_What this task involves_
Please copy exactly the part of the records below that opens with the line containing "Aujourd’hui n’était pas" and closes with the line containing "Kemeja Wanita - Alya", leaving out any pictures.

_Data to process_
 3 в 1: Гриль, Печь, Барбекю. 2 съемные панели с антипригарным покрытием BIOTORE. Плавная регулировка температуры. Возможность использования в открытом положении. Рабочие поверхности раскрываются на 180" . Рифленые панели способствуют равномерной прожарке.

--

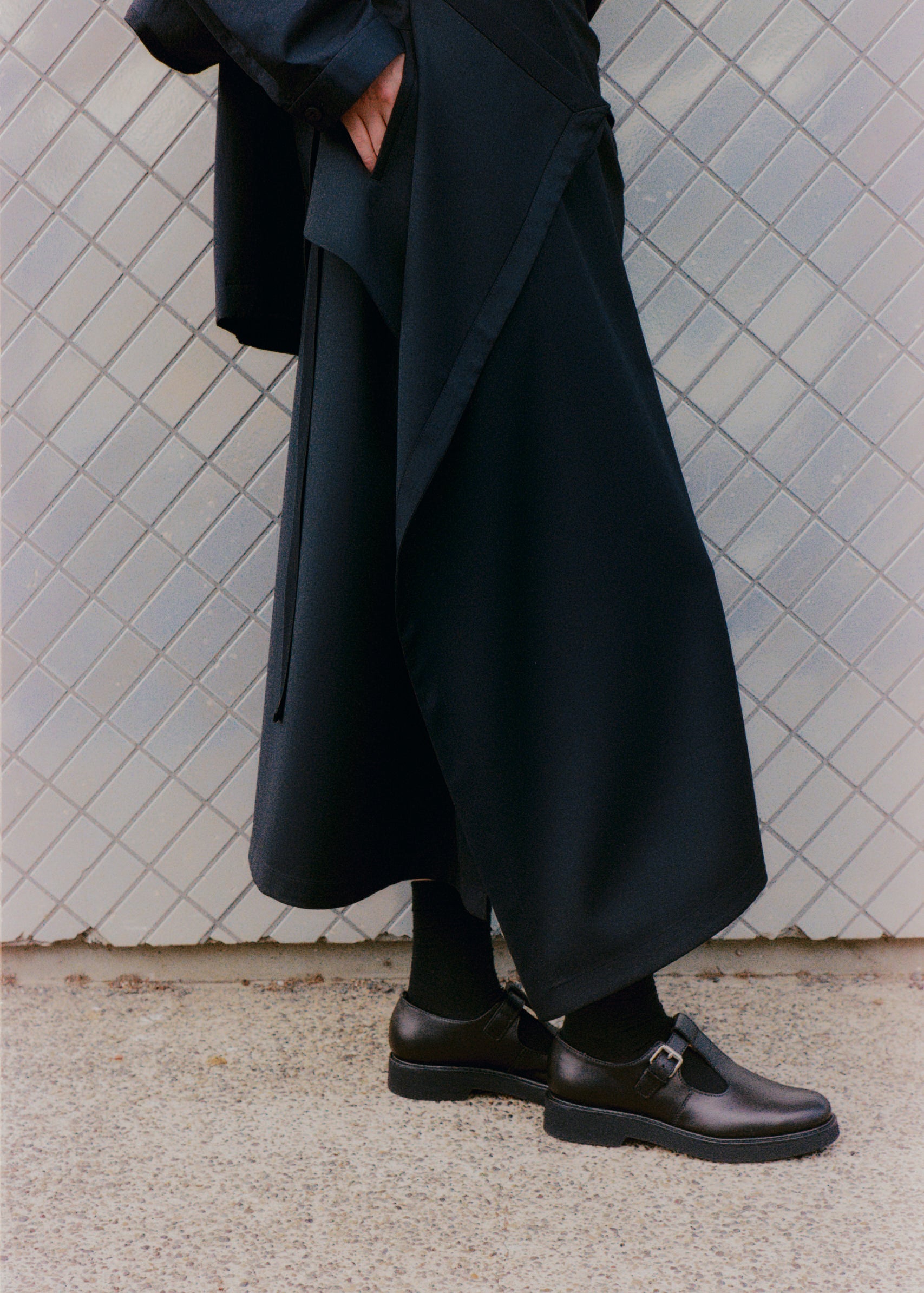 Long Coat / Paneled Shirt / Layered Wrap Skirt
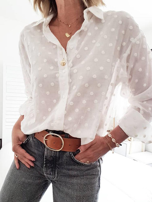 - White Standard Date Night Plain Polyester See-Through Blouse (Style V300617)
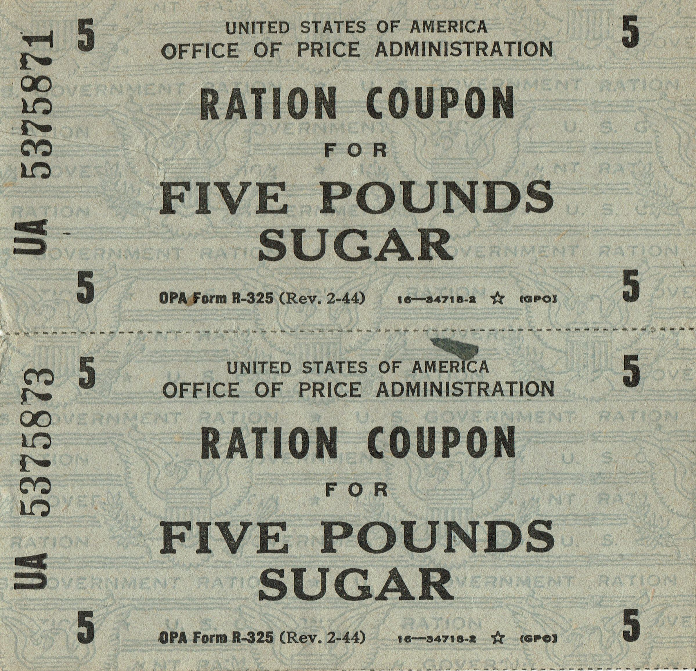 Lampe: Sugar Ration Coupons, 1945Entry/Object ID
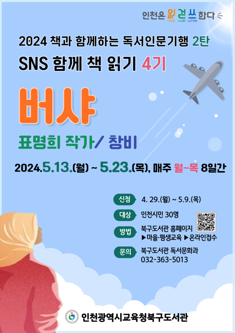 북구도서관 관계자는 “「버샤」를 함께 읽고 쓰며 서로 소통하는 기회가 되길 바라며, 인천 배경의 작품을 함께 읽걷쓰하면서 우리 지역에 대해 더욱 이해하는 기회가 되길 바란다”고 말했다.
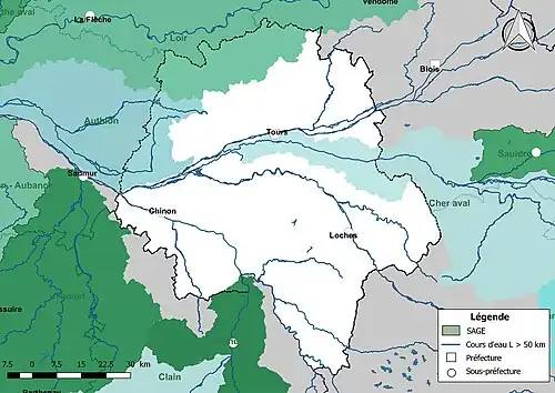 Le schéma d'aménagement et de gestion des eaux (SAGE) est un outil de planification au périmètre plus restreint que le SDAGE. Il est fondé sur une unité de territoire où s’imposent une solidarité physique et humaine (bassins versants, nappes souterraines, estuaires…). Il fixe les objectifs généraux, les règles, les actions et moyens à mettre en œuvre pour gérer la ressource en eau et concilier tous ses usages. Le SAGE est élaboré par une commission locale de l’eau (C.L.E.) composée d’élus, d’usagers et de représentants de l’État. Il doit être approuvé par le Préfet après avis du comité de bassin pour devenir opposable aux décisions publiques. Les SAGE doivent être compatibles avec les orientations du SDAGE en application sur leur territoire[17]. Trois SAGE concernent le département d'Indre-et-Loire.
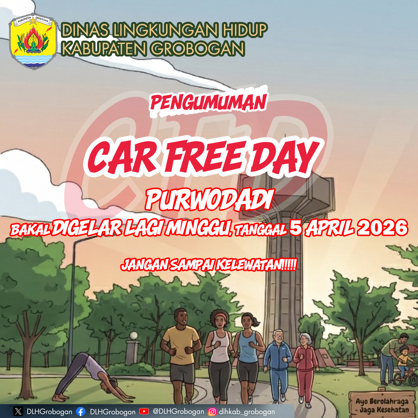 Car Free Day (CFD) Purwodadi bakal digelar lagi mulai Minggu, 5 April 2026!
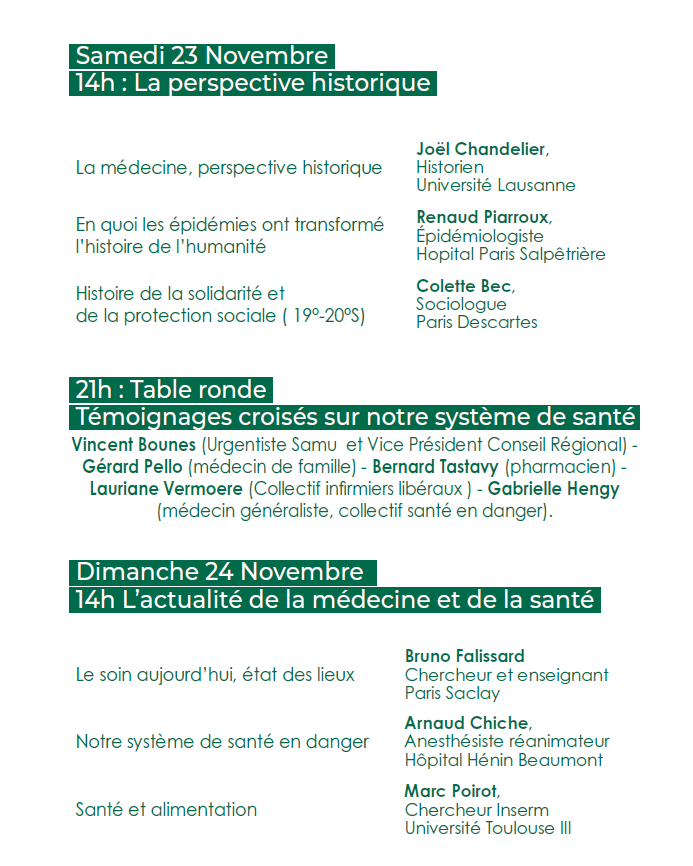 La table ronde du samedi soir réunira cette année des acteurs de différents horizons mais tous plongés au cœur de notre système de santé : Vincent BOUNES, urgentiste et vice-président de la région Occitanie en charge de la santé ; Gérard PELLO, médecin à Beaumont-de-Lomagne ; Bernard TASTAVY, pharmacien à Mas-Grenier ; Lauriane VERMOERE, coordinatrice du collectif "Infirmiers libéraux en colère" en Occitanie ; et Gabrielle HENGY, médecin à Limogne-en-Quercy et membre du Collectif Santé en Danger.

---

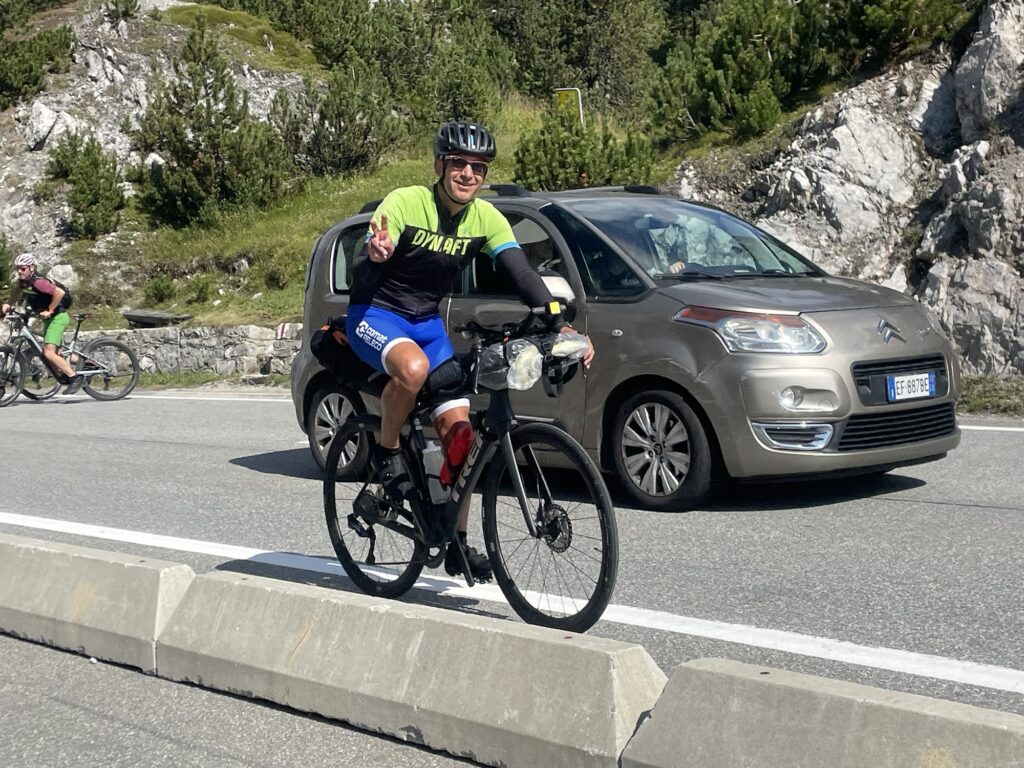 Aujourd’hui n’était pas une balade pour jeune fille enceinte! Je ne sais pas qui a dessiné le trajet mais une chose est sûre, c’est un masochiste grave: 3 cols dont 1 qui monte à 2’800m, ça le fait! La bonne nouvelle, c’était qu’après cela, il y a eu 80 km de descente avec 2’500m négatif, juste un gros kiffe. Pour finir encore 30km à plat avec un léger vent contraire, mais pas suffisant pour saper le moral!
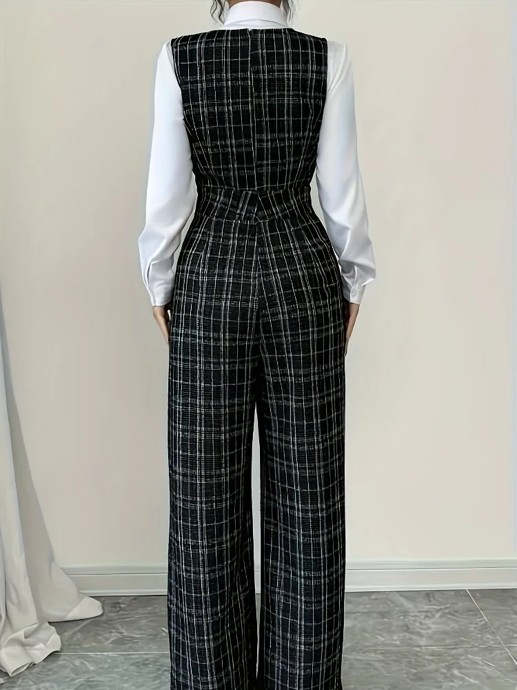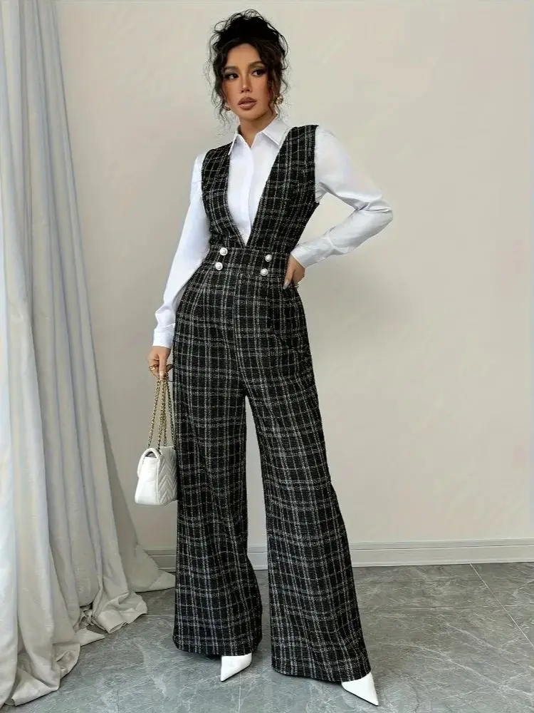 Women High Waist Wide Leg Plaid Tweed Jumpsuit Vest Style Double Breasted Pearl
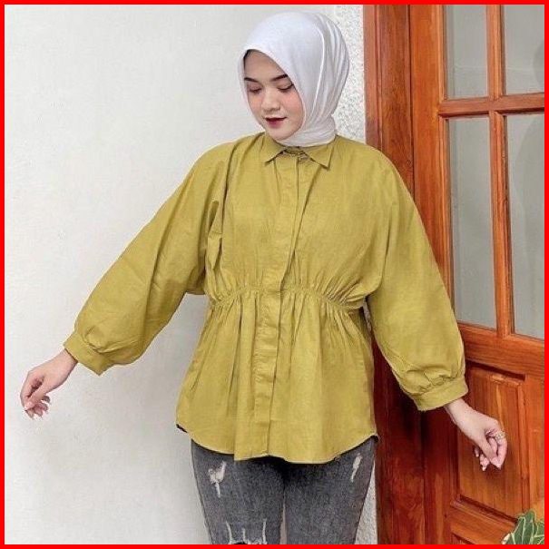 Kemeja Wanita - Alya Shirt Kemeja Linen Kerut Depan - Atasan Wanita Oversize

_Solution to this problem_
 Aujourd’hui n’était pas une balade pour jeune fille enceinte! Je ne sais pas qui a dessiné le trajet mais une chose est sûre, c’est un masochiste grave: 3 cols dont 1 qui monte à 2’800m, ça le fait! La bonne nouvelle, c’était qu’après cela, il y a eu 80 km de descente avec 2’500m négatif, juste un gros kiffe. Pour finir encore 30km à plat avec un léger vent contraire, mais pas suffisant pour saper le moral!
 Women High Waist Wide Leg Plaid Tweed Jumpsuit Vest Style Double Breasted Pearl
 Kemeja Wanita - Alya Shirt Kemeja Linen Kerut Depan - Atasan Wanita Oversize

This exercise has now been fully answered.